There have been only limited explorations of the possibilities of using fungal inoculum in ecosystem restoration. Johnson (1998) examined the effects of mycorrhizal inoculation on a weedy non-mycorrhizal plant (Salsola kali) and a perennial mycorrhizal plant (Panicum virgatum) in an abandoned mine setting. Results indicated that plots with mycorrhizal inoculum resisted invasion by the exotic weed and enhanced the growth of the perennial native grass, but manipulating conditions to favor mycorrhiza formation (addition of soil organic material) may be more cost effective than the expensive process of inoculation. Stamets and Sumerlin (2003) have used fungal inoculum to restore roads in the Pacific Northwest. In a practice they call “mycofiltration,” saprophytic and mycorrhizal fungi are inoculated into mulch to accelerate decomposition and provide the improved conditions offered through mycorrhizal associations. Advantages of this technique include sediment containment, moisture enhancement, habitat recovery, soil structural improvements, and aesthetic enhancement (Stamets and Sumerlin 2003).
There has never been a rigorous study done to evaluate the use of fungal inoculum in road restoration in a southwestern ponderosa pine forest. The purpose of this study was twofold: to evaluate the effect of mycorrhizal inoculum on plant establishment and abundance on a closed and ripped road in a northern Arizona ponderosa pine forest, and to evaluate the efficacy of saprophytic fungal inoculum in colonizing ponderosa pine mulch.
Experimental Design
In August, 2004, three logging roads at approximately 7400’ elevation in a ponderosa pine/gambel oak forest 6 miles west of Flagstaff, Arizona were selected for the experiment. The roads were built to facilitate a 2003 timber sale and were closed and ripped by September 2003. The roads were flat (0-2% slope), with low canopy cover and clayey soils of basaltic origin.
Upon each road, five 11m long by 2m wide experimental blocks were installed end-to-end in succession. Blocks were divided into four 1.5m by 2m plots with 1m by 2m buffers between each plot, resulting in 2m long buffers between blocks. Four treatments were assigned to the plots: A) control, B) mycorrhizal inoculum C) mulch + mycorrhizal and saprophytic inoculum, and D) mulch. All plots were seeded with a native seed mix consisting of Elymus elymoides, Festuca arizonica, Muhlenbergia wrightii, and Lupinus argenteus. Ponderosa pine woodchips (mulch) were applied to a depth of ~4 inches after seeding. The mycorrhizal inoculum was “Mycogrow Micronized Endo-Ecto Seed Mix” and the saprophytic inoculum was the “dowel spawn” of the species Hypholoma capnoides.
Results
Vegetation Response
We collected data in mid-October, 2004, two months after application, and mid-October, 2005, 14 months after application, identifying each species and counting every plant. In 2004, Treatment B plots (those with only mycorrhizal inoculum) had the highest abundance of grass seedlings, but controls had the highest species richness. In both cases the differences between those two non-mulched treatments were insignificant.

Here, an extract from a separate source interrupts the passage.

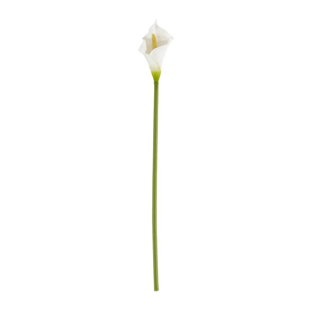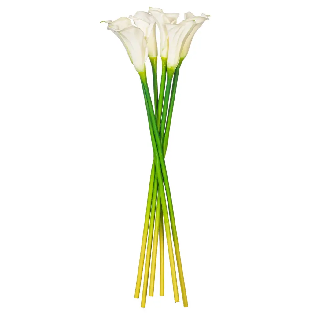 A single bloom sits on top of a thin, tall stem, making this artificial calla lily flower stand at 19.5 inches tall. Situate this set of twelve in a glass vase with natural river rocks or white stones, or arrange them amongst your favorite faux flower bouquet. Place the arrangement on your kitchen island next to your fruit for an added natural touch.

In 2005, after a full year, control plots had the highest richness and abundance for all species, though not significantly more than Treatment B. Mulched plots (Treatments C and D) had significantly lower species richness, grass seedling abundance, and total species abundance in both years (ANOVA P<0.001). While mulched plots (Treatments C and D) suppressed the establishment of most species, oak seedlings preferred them over non-mulched (Treatments A and B) (ANOVA P=.0157), and did especially well on one of the roads.
Fungal Response
In 2004, 70% of inspected dowels showed successful survival and colonization, but by 2005 only 34% showed signs of success. The inoculum on one of the roads was vigorously colonized by a resident soil fungus, and there was 0% survival by 2005. The two roads that did better were examined more critically for resident soil fungi. Sixty-eight percent of sampled subplots that had been inoculated were colonized by resident fungi, and 60% of mulch-only plots were colonized. There were no relationships between success of inoculation and presence of resident fungi.
Discussion
The results of this study provide little support for fungal inoculation of ripped roads in Arizona ponderosa pine forests at this time. The mycorrhizal inoculum appeared to have no effect on plant establishment in mulched or non-mulched plots. Johnson (1998) used soil from a nearby location as a source of fungal inoculum and had success, and Bagley (1999) suggested using local soil to prevent introducing exotic fungi. It is likely that the inoculum in the present study simply died as it was not adapted to local conditions. Also, St. John (1996, 1998) noted that inoculum placed on the soil surface will have less chance of working than inoculum that is buried. In this study inoculum was lightly raked into the soil and it probably was not deep enough. Future trials with powdered inoculum would benefit from adding it at the time of ripping to increase mixing in deeper soils. As plant roots tend to be most dense near the surface, any deeper than 8 inches for the inoculum is not advised.
Mulch had a strong inhibitory effect on plant growth, except for favoring the sprouting of oak seedlings. The reduced understory plant establishment is unfortunate, but in terms of permanently restoring roads, oaks may be a more effective plant. As they mature, they will become natural barriers to vehicle passage, contribute to organic soil creation with their annual leaf fall, and their roots will be effective at loosening the compacted soil of the road.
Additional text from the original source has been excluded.